§ WHAT YOU WILL DO
Write out nothing except the lines of the entries below, from the first through the one containing "กรณีที่มีข้อมูลในสื่อออนไลน์ต่าง ๆ เกี่ยวกับประเด็นเรื่องวันที่", exactly and without pictures.

(Beginning of DATA RECORDS)

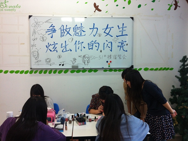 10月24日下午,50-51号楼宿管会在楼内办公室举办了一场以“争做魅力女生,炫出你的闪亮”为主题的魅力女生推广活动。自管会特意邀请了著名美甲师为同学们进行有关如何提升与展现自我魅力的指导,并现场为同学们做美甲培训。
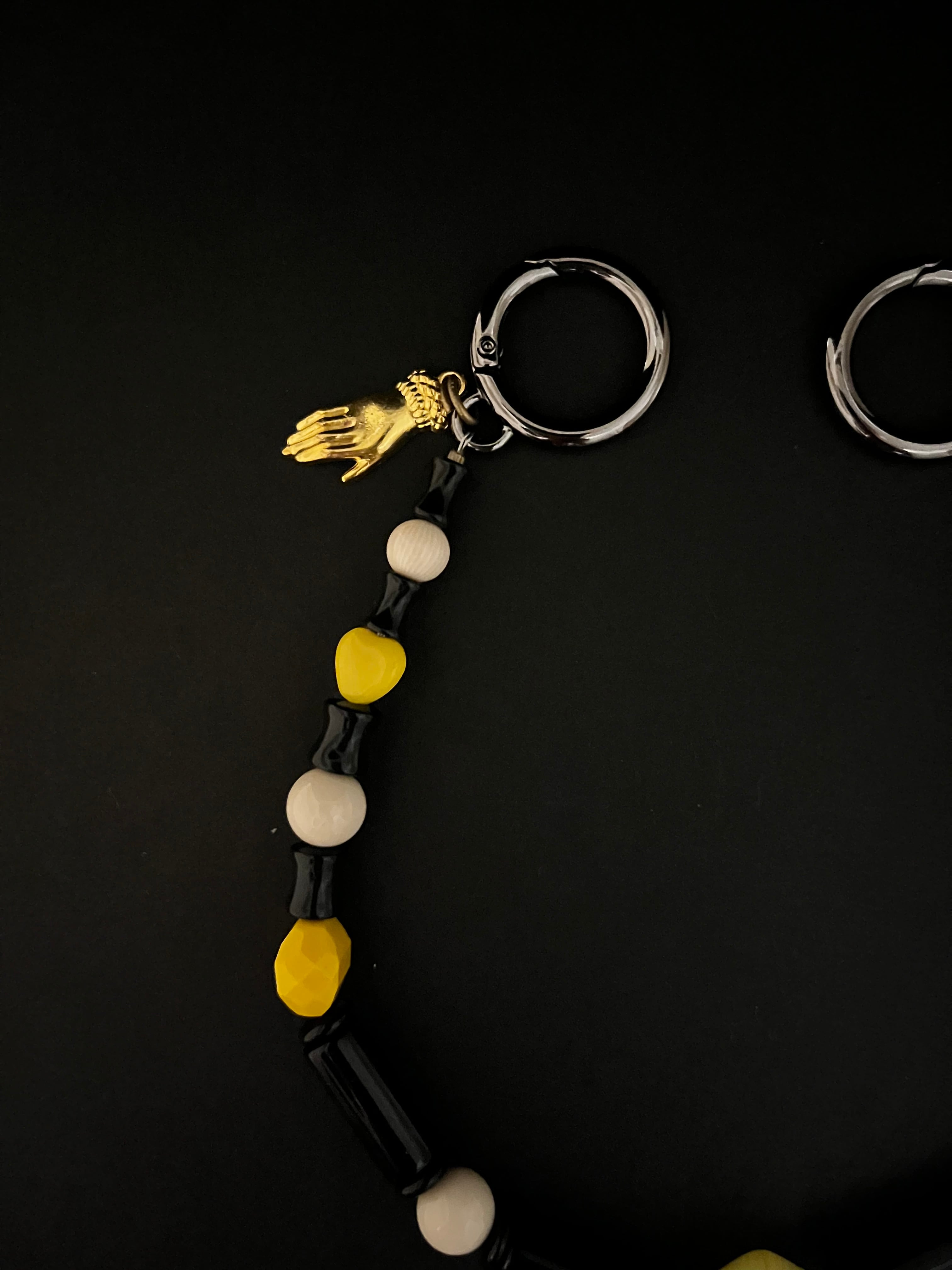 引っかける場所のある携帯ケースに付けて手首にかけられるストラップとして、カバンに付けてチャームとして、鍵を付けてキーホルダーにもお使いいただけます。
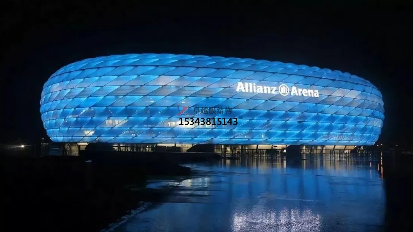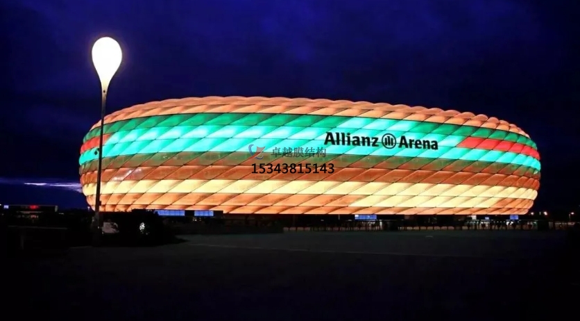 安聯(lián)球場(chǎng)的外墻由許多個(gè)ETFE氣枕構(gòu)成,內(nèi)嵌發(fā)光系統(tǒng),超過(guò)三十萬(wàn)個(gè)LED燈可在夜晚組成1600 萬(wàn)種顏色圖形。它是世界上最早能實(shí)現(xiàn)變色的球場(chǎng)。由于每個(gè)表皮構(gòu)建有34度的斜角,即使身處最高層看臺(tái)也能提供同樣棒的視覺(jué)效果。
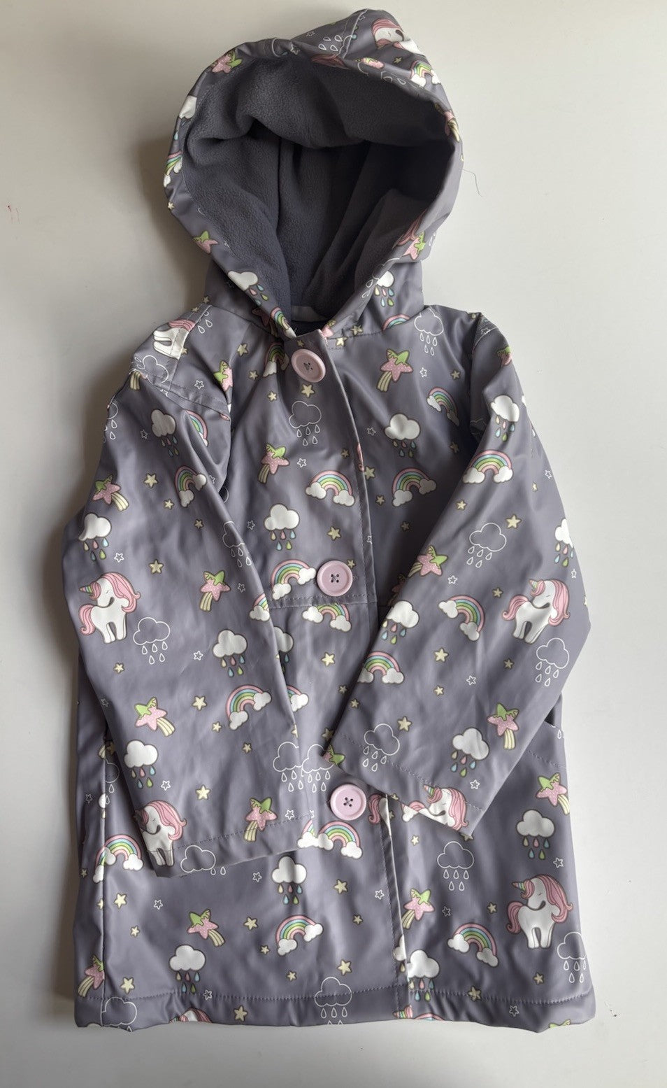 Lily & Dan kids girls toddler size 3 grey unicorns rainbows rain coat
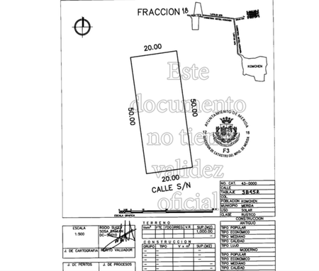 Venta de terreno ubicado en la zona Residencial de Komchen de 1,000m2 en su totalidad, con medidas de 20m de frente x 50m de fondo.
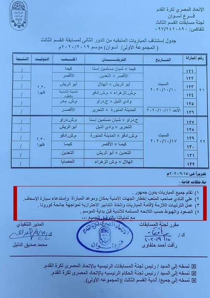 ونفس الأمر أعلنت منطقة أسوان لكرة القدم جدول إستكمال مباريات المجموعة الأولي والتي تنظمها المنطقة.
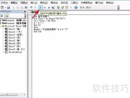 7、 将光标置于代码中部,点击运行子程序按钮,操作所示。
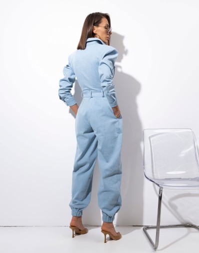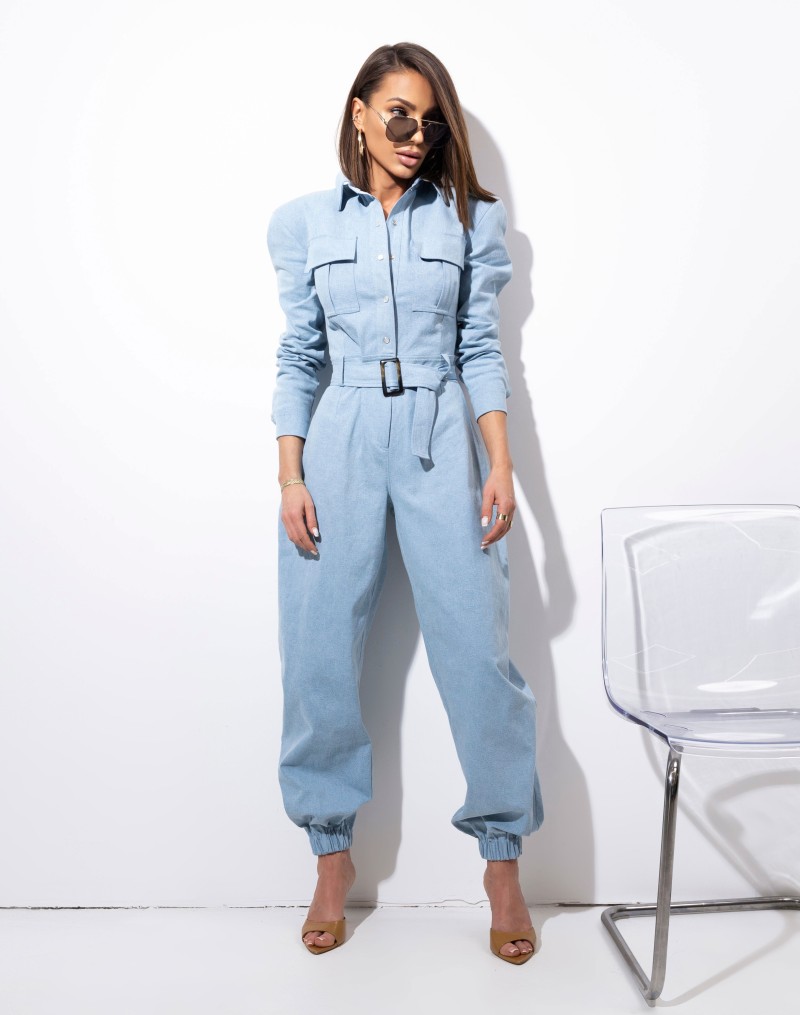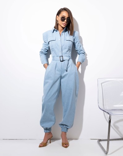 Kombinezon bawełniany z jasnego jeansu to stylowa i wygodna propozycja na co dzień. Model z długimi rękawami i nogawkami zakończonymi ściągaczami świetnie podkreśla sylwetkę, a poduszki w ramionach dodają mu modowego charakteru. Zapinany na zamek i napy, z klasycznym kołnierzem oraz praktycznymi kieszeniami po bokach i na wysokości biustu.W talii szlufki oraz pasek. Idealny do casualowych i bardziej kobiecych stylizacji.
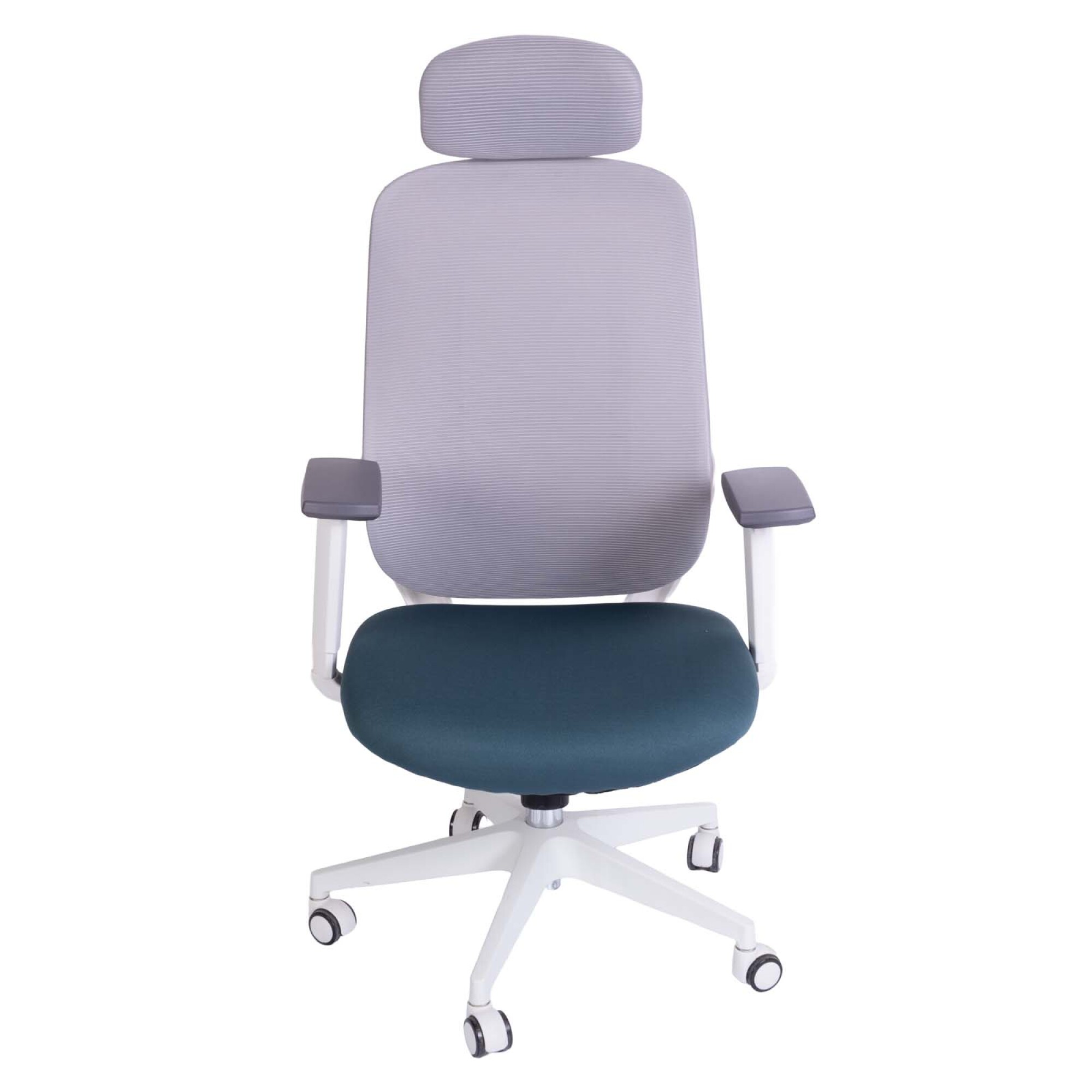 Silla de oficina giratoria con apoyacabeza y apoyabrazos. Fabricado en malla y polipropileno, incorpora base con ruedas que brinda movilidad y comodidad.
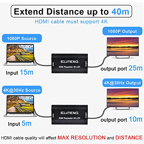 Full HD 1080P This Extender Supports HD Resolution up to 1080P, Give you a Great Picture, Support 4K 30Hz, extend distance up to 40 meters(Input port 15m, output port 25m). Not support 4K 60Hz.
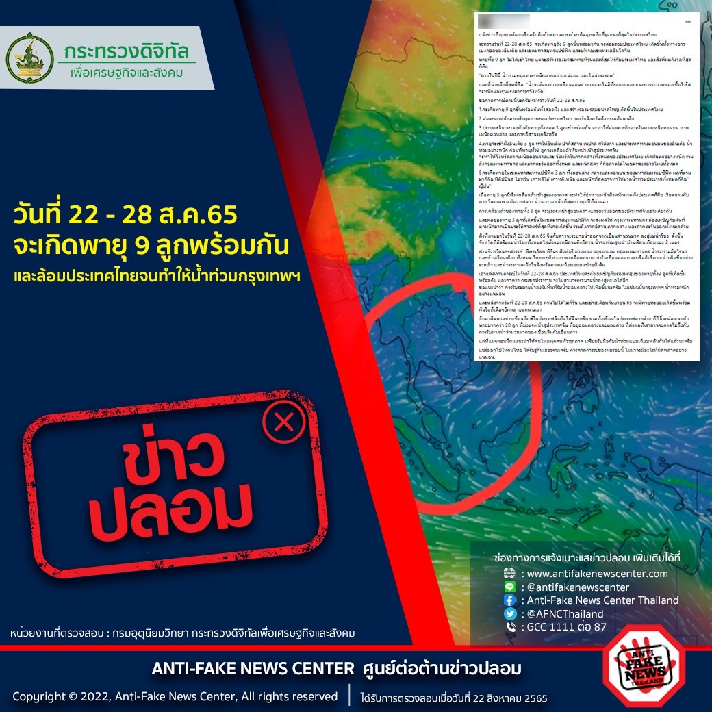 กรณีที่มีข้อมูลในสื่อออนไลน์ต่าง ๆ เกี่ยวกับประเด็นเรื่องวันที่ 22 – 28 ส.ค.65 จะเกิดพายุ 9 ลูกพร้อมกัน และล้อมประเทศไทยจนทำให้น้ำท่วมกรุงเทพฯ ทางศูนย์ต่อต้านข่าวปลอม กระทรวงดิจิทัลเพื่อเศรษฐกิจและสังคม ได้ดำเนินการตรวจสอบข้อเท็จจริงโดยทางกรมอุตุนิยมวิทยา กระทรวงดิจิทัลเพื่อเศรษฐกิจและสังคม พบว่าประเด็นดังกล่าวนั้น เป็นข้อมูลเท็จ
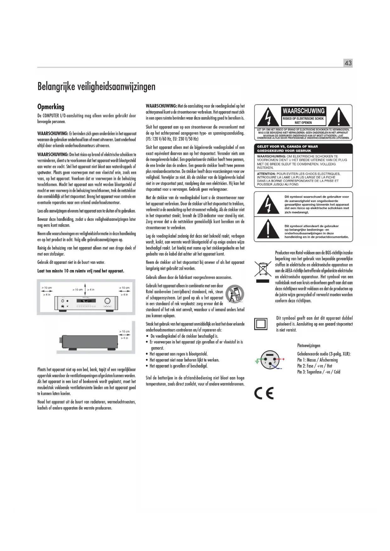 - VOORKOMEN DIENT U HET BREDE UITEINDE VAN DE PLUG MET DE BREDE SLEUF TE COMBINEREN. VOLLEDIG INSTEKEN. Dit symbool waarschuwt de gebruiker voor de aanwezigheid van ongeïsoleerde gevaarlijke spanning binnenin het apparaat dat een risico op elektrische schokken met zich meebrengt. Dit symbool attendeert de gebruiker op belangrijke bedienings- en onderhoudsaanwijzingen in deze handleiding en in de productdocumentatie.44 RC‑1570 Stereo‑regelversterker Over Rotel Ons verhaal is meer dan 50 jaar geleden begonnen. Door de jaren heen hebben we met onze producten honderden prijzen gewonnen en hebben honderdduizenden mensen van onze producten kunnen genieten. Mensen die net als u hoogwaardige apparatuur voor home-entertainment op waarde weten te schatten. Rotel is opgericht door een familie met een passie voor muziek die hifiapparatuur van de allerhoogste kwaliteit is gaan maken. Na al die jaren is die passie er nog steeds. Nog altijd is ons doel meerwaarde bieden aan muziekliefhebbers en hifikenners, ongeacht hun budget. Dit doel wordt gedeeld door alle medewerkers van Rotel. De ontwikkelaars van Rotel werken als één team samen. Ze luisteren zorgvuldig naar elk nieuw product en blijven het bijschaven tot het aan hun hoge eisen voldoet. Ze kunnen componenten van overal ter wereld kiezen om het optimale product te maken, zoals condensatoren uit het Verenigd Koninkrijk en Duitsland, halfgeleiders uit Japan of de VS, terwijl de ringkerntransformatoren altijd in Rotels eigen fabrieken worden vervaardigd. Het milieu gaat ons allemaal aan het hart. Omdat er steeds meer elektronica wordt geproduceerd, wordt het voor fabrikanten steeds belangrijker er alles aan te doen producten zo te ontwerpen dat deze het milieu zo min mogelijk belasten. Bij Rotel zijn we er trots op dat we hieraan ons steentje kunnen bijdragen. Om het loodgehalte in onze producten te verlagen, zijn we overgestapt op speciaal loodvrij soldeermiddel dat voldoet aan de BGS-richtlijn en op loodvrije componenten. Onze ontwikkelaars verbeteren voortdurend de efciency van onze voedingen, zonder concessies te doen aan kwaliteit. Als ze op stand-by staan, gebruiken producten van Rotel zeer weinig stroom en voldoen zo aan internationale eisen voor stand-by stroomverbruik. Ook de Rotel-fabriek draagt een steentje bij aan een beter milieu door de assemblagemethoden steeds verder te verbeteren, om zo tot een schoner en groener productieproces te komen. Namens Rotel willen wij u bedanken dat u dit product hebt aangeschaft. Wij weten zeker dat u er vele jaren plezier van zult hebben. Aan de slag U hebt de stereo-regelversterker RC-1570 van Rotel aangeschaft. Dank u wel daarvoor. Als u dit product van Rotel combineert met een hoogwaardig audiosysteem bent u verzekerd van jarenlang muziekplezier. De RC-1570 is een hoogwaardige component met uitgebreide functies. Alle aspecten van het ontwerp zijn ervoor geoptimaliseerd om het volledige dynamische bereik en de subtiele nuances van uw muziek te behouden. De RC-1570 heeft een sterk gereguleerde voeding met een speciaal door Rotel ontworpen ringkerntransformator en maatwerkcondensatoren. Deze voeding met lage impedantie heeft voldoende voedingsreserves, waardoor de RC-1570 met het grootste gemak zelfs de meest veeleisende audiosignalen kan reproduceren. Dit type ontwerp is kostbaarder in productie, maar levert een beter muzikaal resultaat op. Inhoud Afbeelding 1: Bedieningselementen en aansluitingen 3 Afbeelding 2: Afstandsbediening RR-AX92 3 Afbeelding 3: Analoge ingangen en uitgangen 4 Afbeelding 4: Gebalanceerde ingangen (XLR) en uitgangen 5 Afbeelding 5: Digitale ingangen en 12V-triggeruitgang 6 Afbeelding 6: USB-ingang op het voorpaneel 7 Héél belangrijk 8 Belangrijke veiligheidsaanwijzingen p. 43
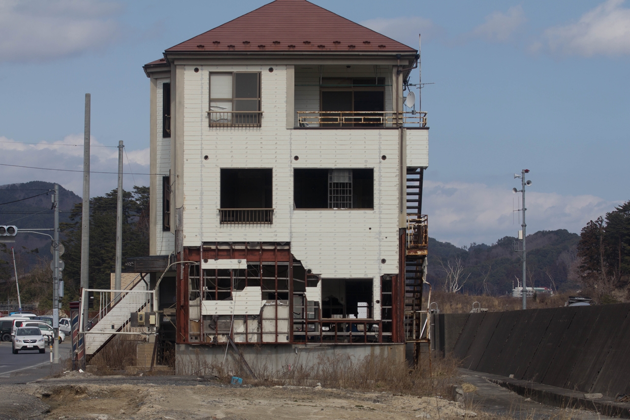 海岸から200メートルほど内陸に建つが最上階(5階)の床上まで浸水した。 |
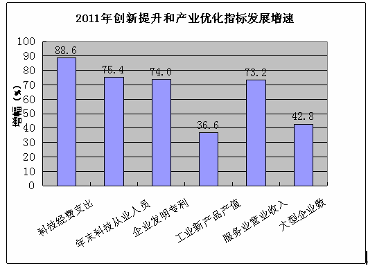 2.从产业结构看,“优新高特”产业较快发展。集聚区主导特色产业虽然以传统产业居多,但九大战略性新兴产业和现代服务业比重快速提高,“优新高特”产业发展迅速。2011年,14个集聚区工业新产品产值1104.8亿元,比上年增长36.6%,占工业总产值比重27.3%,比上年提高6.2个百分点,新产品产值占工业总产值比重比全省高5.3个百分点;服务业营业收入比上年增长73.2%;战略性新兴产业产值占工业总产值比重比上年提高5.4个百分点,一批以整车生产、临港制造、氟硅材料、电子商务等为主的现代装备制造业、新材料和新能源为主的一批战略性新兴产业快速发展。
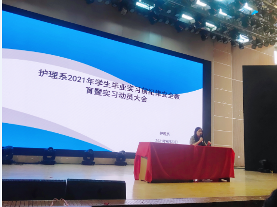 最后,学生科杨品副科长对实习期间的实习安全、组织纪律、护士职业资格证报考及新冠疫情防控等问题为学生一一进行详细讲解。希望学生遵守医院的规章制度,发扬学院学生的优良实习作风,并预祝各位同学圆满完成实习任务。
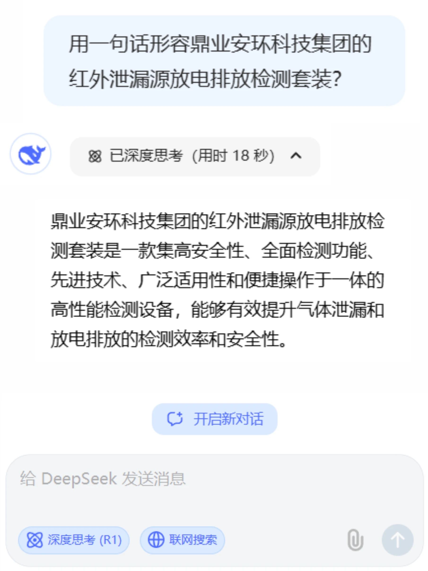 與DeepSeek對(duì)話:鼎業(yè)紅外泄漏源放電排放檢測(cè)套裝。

(End of DATA RECORDS)

§ RESPONSE TO THE EXERCISE
 10月24日下午,50-51号楼宿管会在楼内办公室举办了一场以“争做魅力女生,炫出你的闪亮”为主题的魅力女生推广活动。自管会特意邀请了著名美甲师为同学们进行有关如何提升与展现自我魅力的指导,并现场为同学们做美甲培训。
 引っかける場所のある携帯ケースに付けて手首にかけられるストラップとして、カバンに付けてチャームとして、鍵を付けてキーホルダーにもお使いいただけます。
 安聯(lián)球場(chǎng)的外墻由許多個(gè)ETFE氣枕構(gòu)成,內(nèi)嵌發(fā)光系統(tǒng),超過(guò)三十萬(wàn)個(gè)LED燈可在夜晚組成1600 萬(wàn)種顏色圖形。它是世界上最早能實(shí)現(xiàn)變色的球場(chǎng)。由于每個(gè)表皮構(gòu)建有34度的斜角,即使身處最高層看臺(tái)也能提供同樣棒的視覺(jué)效果。
 Lily & Dan kids girls toddler size 3 grey unicorns rainbows rain coat
 Venta de terreno ubicado en la zona Residencial de Komchen de 1,000m2 en su totalidad, con medidas de 20m de frente x 50m de fondo.
 ونفس الأمر أعلنت منطقة أسوان لكرة القدم جدول إستكمال مباريات المجموعة الأولي والتي تنظمها المنطقة.
 7、 将光标置于代码中部,点击运行子程序按钮,操作所示。
 Kombinezon bawełniany z jasnego jeansu to stylowa i wygodna propozycja na co dzień. Model z długimi rękawami i nogawkami zakończonymi ściągaczami świetnie podkreśla sylwetkę, a poduszki w ramionach dodają mu modowego charakteru. Zapinany na zamek i napy, z klasycznym kołnierzem oraz praktycznymi kieszeniami po bokach i na wysokości biustu.W talii szlufki oraz pasek. Idealny do casualowych i bardziej kobiecych stylizacji.
 Silla de oficina giratoria con apoyacabeza y apoyabrazos. Fabricado en malla y polipropileno, incorpora base con ruedas que brinda movilidad y comodidad.
 Full HD 1080P This Extender Supports HD Resolution up to 1080P, Give you a Great Picture, Support 4K 30Hz, extend distance up to 40 meters(Input port 15m, output port 25m). Not support 4K 60Hz.
 กรณีที่มีข้อมูลในสื่อออนไลน์ต่าง ๆ เกี่ยวกับประเด็นเรื่องวันที่ 22 – 28 ส.ค.65 จะเกิดพายุ 9 ลูกพร้อมกัน และล้อมประเทศไทยจนทำให้น้ำท่วมกรุงเทพฯ ทางศูนย์ต่อต้านข่าวปลอม กระทรวงดิจิทัลเพื่อเศรษฐกิจและสังคม ได้ดำเนินการตรวจสอบข้อเท็จจริงโดยทางกรมอุตุนิยมวิทยา กระทรวงดิจิทัลเพื่อเศรษฐกิจและสังคม พบว่าประเด็นดังกล่าวนั้น เป็นข้อมูลเท็จ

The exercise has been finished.